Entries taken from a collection
────

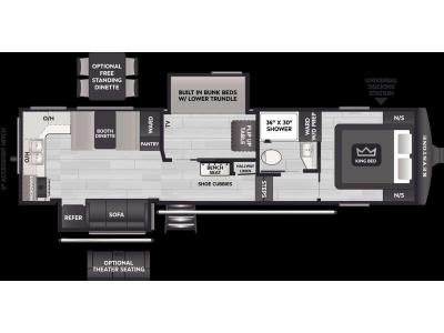 Sleeps 7 Slides 2 Length 33 ft 11 in Ext Height 12 ft 8 in Interior Color Umber Luxe Hitch Weight 1635 lbs Dry Weight 9235 lbs Cargo Capacity 2265 lbs Fresh Water Capacity 54 gals Grey Water Capacity 60 gals Black Water Capacity 30 gals Tire Size ST225/75R15E Furnace BTU 30000 btu Number Of Bunks 2 Available Beds King Refrigerator Type 12V Refrigerator Size 10.4 cu ft Cooktop Burners 3 Shower Size 36" x 30" Number of Awnings 2 LP Tank Capacity 30 lbs Water Heater Type On Demand AC BTU 18000 btu TV Info LR LED HDTV Awning Info 7' and 15' Electric w/Gas Strut Arm w/Dotless Neon LED Lighting Axle Count 2 Washer/Dryer Available Yes Number of LP Tanks 2 Shower Type Standard Electrical Service 50 amp Similar Fifth Wheel Floorplans
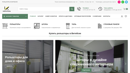 | AI-анализ | --- This online resource is an e-commerce website named Kopital.by, specializing in the sale of rollshades in Vitebsk, Belarus. The website offers a wide selection of rollshades, including classical and modern styles, as well as tull and panel options for both residential and commercial use. Optimum buyers receive a discount. The physical store locations for purchasing rollshades in Vitebsk can be found at Pavilion 160 in the Mega shopping center on the first floor and Pavilion 108 in the Belarus shopping center at the basement level. The phone number for inquiries or orders is +375-29-517-53-75. The website's catalog includes rollshades, shades, tull, and panel options, along with fittings. The company, 'Копиталь |
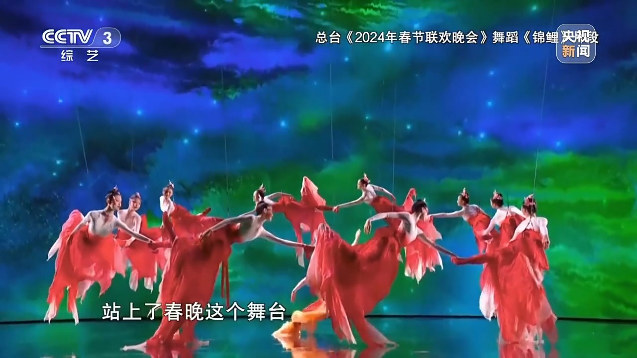 总台《2024年春节联欢晚会》舞蹈《锦鲤》演员 赵艺淘:我们第一次上台整个都蒙了,做完一遍下来感觉身体也会感知到一些动作反应,完全不一样。
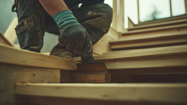 Carpenter constructing a custom wooden staircase. Featuring skill and craftsmanship
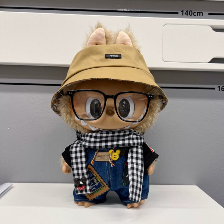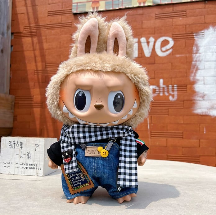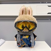 【ラブブ 38cmドール服】ラブブ 服 38cm 可愛くて元気な造型!マフラー オーバーオール セット デニム チェック 着せ替え 冬コーデ キュート
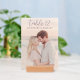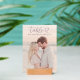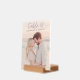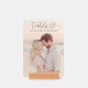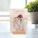 This wedding table card features a romantic beach scene with two individuals standing close together, set against a blurred ocean backdrop during sunset or sunrise. The design uses soft pastel colors like light beige, pale pink, and muted blues to create a dreamy, ethereal effect. Elegant cursive typography highlights "table 12," while simple sans-serif text adds clarity for the names. The overall mood is warm and intimate, perfect for celebrating love and tranquility at your special event.
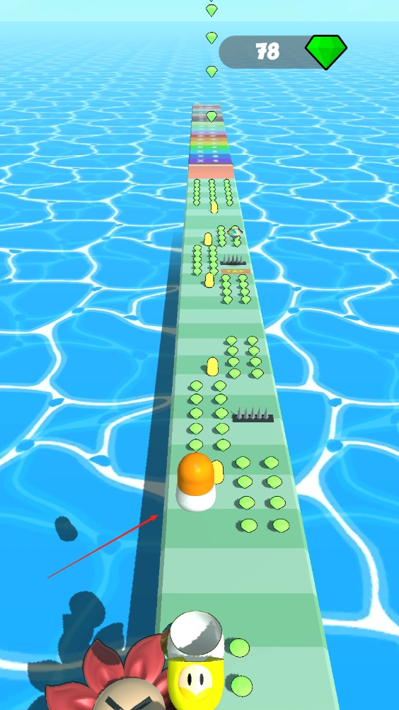 小豆豆往前跑,我们得控制它去收集小钻石和外壳,收集的数量越多,外壳就会变得越厚实,它也就越难被障碍物撞倒。
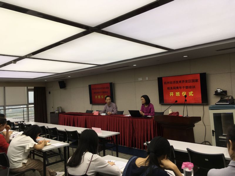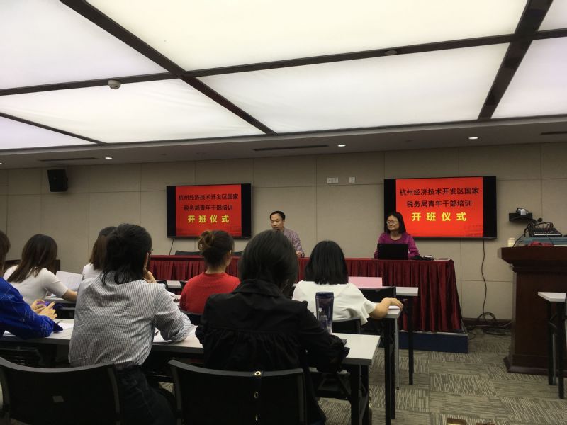 2018年5月10日,杭州市经济技术开发区国税局青年干部培训开班仪式在和茂大厦举行,这是开发区国税局为迎接国地税合并新形势的一项人才培养举措。开发区国税局将此培训项目委托我院财务会计系承担。开班仪式上,开发区国税局党组成员、副局长姚光军同志对我系师生长期以来支持开发区税务局给予了高度的赞扬。认为我院会计专业和税务专业在师资、教学水平、教学环境等各方面都非常出色,培养的学生实务能力非常强。
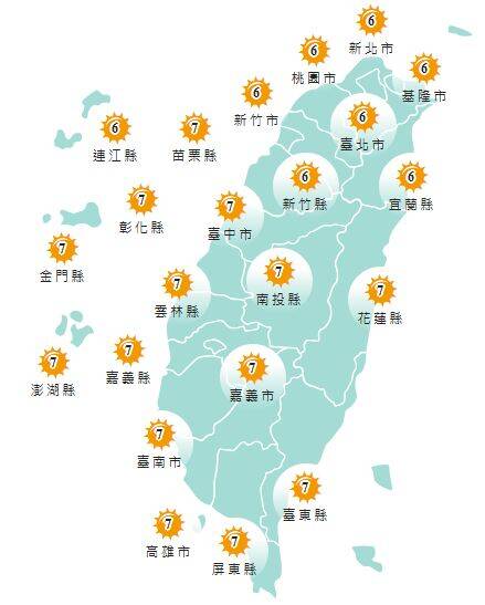 今日各地紫外線指數預報概況。(圖擷取自中央氣象署)
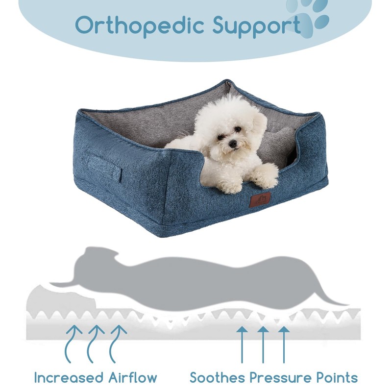 Hollypet Orthopedic Rectangle Dog Bed for Small Dogs, Supportive Egg-Crate Foam Pet Beds with Removable Washable Waterproof Cover and Non-Slip Bottom, Blue, 23" L x 19" W x 8.5" Th
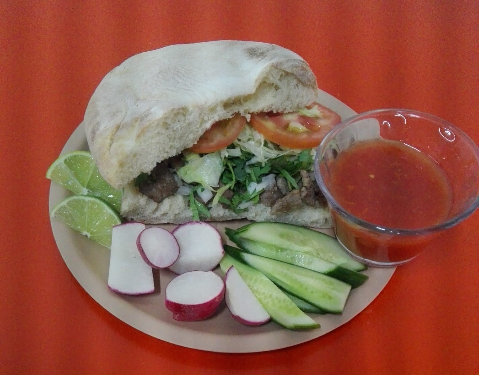 Torta de asada y adobada, con cebolla, cilantro, lechuga, tomate, guacamole, se manda con salsa, limones, pepino y rábanos aparte.
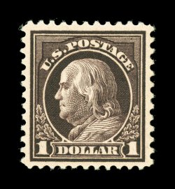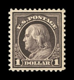 790 nhu 518 image#518, $1.00 Violet brown, lovely mint single, wonderfully fresh with especially rich color, crisp prooflike impression, beautifully centered within large balanced margins, immaculate o.g., n.h., extremely fine gem; 1997 PF certificate and 2005 PSE certificate (the latter graded XF-Superb 95; SMQ $1,000.00). (Image) $120.00
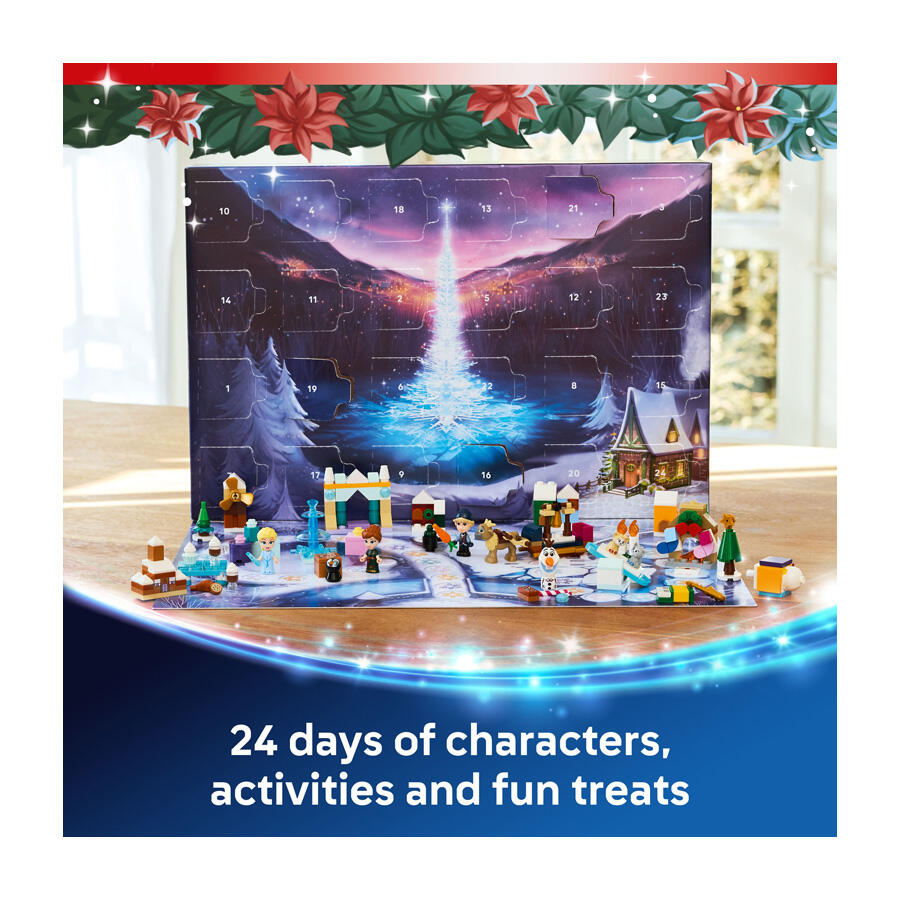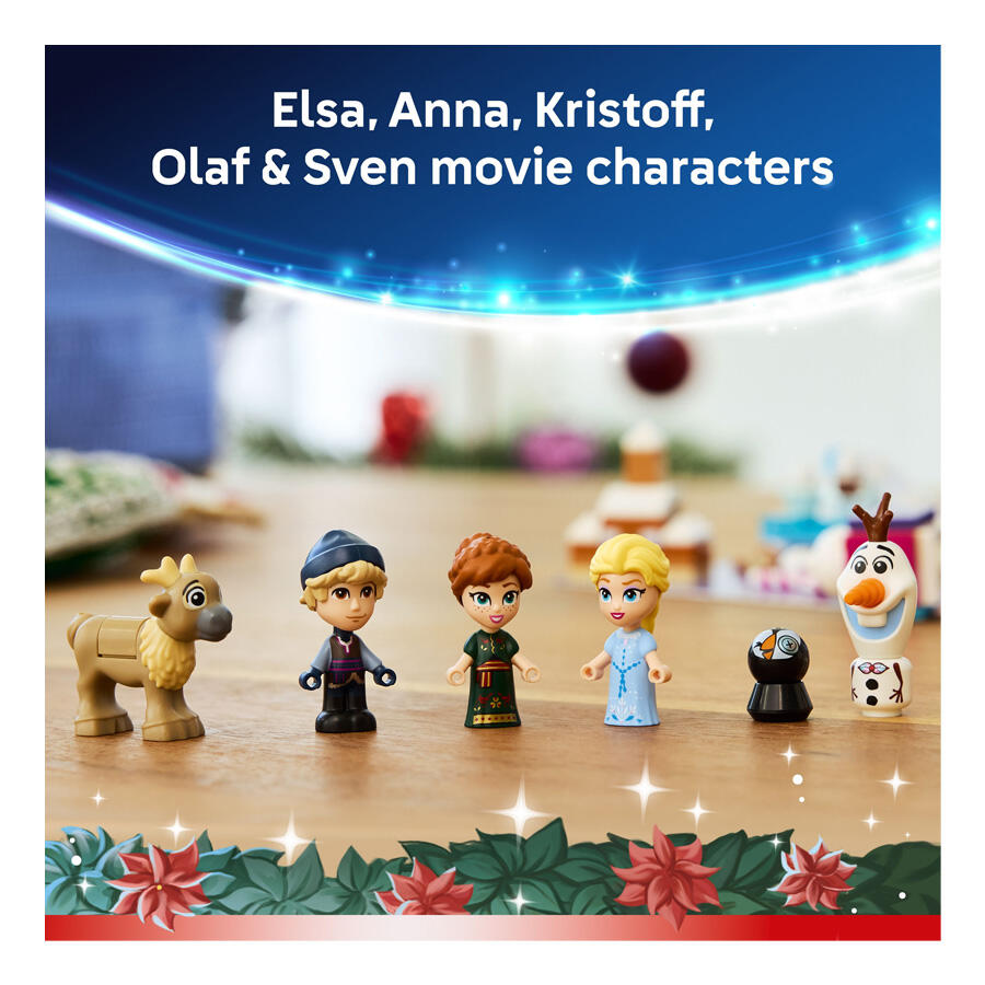 - Start the holiday countdown for girls, boys and fans aged 5 plus with an exciting Disney’s Frozen Advent Calendar 2025 (43273) building kit, packed with buildable toys. This Advent calendar for kids includes Elsa, Anna and Kristoff LEGO® ǀ Disney micro doll characters, Olaf and Sven LEGO ǀ Disney characters and 2 LEGO ǀ Disney kitten characters. Behind every door is a character or other mini build to help deliver a daily dose of magical holiday cheer. After the fun of building, the box becomes a game board that leads children on an exciting adventure with the characters to collect treasures for the holiday. Kids can experience a little Advent fun every day, and indulge their passion for Disney’s Frozen characters, LEGO creativity and the holiday season with a buildable set full of details. Once the season is over, the items in this LEGO Advent calendar building set can be added to others in the LEGO ǀ Disney range (each sold separately) to enhance and expand play.
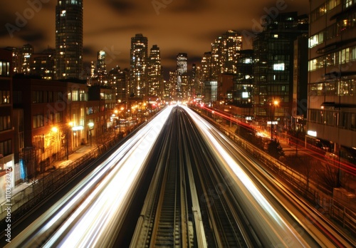 Nighttime Cityscape with Blurred Train Motion in Urban Environment Featuring Skyscrapers and Illuminated Buildings Under a Cloudy Sky
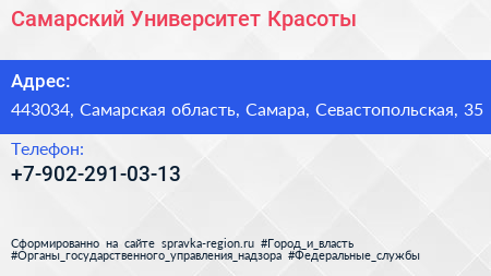 Самарский Университет Красоты по адресу 443034, Самарская область, Самара, Севастопольская, 35 в дальнейшем Организация, размещена в следующих категориях:

────

(What the task requires): Excluding every picture, write out each record word for word.

(Answer to this problem):
 Sleeps 7 Slides 2 Length 33 ft 11 in Ext Height 12 ft 8 in Interior Color Umber Luxe Hitch Weight 1635 lbs Dry Weight 9235 lbs Cargo Capacity 2265 lbs Fresh Water Capacity 54 gals Grey Water Capacity 60 gals Black Water Capacity 30 gals Tire Size ST225/75R15E Furnace BTU 30000 btu Number Of Bunks 2 Available Beds King Refrigerator Type 12V Refrigerator Size 10.4 cu ft Cooktop Burners 3 Shower Size 36" x 30" Number of Awnings 2 LP Tank Capacity 30 lbs Water Heater Type On Demand AC BTU 18000 btu TV Info LR LED HDTV Awning Info 7' and 15' Electric w/Gas Strut Arm w/Dotless Neon LED Lighting Axle Count 2 Washer/Dryer Available Yes Number of LP Tanks 2 Shower Type Standard Electrical Service 50 amp Similar Fifth Wheel Floorplans
 | AI-анализ | --- This online resource is an e-commerce website named Kopital.by, specializing in the sale of rollshades in Vitebsk, Belarus. The website offers a wide selection of rollshades, including classical and modern styles, as well as tull and panel options for both residential and commercial use. Optimum buyers receive a discount. The physical store locations for purchasing rollshades in Vitebsk can be found at Pavilion 160 in the Mega shopping center on the first floor and Pavilion 108 in the Belarus shopping center at the basement level. The phone number for inquiries or orders is +375-29-517-53-75. The website's catalog includes rollshades, shades, tull, and panel options, along with fittings. The company, 'Копиталь |
 总台《2024年春节联欢晚会》舞蹈《锦鲤》演员 赵艺淘:我们第一次上台整个都蒙了,做完一遍下来感觉身体也会感知到一些动作反应,完全不一样。
 Carpenter constructing a custom wooden staircase. Featuring skill and craftsmanship
 【ラブブ 38cmドール服】ラブブ 服 38cm 可愛くて元気な造型!マフラー オーバーオール セット デニム チェック 着せ替え 冬コーデ キュート
 This wedding table card features a romantic beach scene with two individuals standing close together, set against a blurred ocean backdrop during sunset or sunrise. The design uses soft pastel colors like light beige, pale pink, and muted blues to create a dreamy, ethereal effect. Elegant cursive typography highlights "table 12," while simple sans-serif text adds clarity for the names. The overall mood is warm and intimate, perfect for celebrating love and tranquility at your special event.
 小豆豆往前跑,我们得控制它去收集小钻石和外壳,收集的数量越多,外壳就会变得越厚实,它也就越难被障碍物撞倒。
 2018年5月10日,杭州市经济技术开发区国税局青年干部培训开班仪式在和茂大厦举行,这是开发区国税局为迎接国地税合并新形势的一项人才培养举措。开发区国税局将此培训项目委托我院财务会计系承担。开班仪式上,开发区国税局党组成员、副局长姚光军同志对我系师生长期以来支持开发区税务局给予了高度的赞扬。认为我院会计专业和税务专业在师资、教学水平、教学环境等各方面都非常出色,培养的学生实务能力非常强。
 今日各地紫外線指數預報概況。(圖擷取自中央氣象署)
 Hollypet Orthopedic Rectangle Dog Bed for Small Dogs, Supportive Egg-Crate Foam Pet Beds with Removable Washable Waterproof Cover and Non-Slip Bottom, Blue, 23" L x 19" W x 8.5" Th
 Torta de asada y adobada, con cebolla, cilantro, lechuga, tomate, guacamole, se manda con salsa, limones, pepino y rábanos aparte.
 790 nhu 518 image#518, $1.00 Violet brown, lovely mint single, wonderfully fresh with especially rich color, crisp prooflike impression, beautifully centered within large balanced margins, immaculate o.g., n.h., extremely fine gem; 1997 PF certificate and 2005 PSE certificate (the latter graded XF-Superb 95; SMQ $1,000.00). (Image) $120.00
 - Start the holiday countdown for girls, boys and fans aged 5 plus with an exciting Disney’s Frozen Advent Calendar 2025 (43273) building kit, packed with buildable toys. This Advent calendar for kids includes Elsa, Anna and Kristoff LEGO® ǀ Disney micro doll characters, Olaf and Sven LEGO ǀ Disney characters and 2 LEGO ǀ Disney kitten characters. Behind every door is a character or other mini build to help deliver a daily dose of magical holiday cheer. After the fun of building, the box becomes a game board that leads children on an exciting adventure with the characters to collect treasures for the holiday. Kids can experience a little Advent fun every day, and indulge their passion for Disney’s Frozen characters, LEGO creativity and the holiday season with a buildable set full of details. Once the season is over, the items in this LEGO Advent calendar building set can be added to others in the LEGO ǀ Disney range (each sold separately) to enhance and expand play.
 Nighttime Cityscape with Blurred Train Motion in Urban Environment Featuring Skyscrapers and Illuminated Buildings Under a Cloudy Sky
 Самарский Университет Красоты по адресу 443034, Самарская область, Самара, Севастопольская, 35 в дальнейшем Организация, размещена в следующих категориях:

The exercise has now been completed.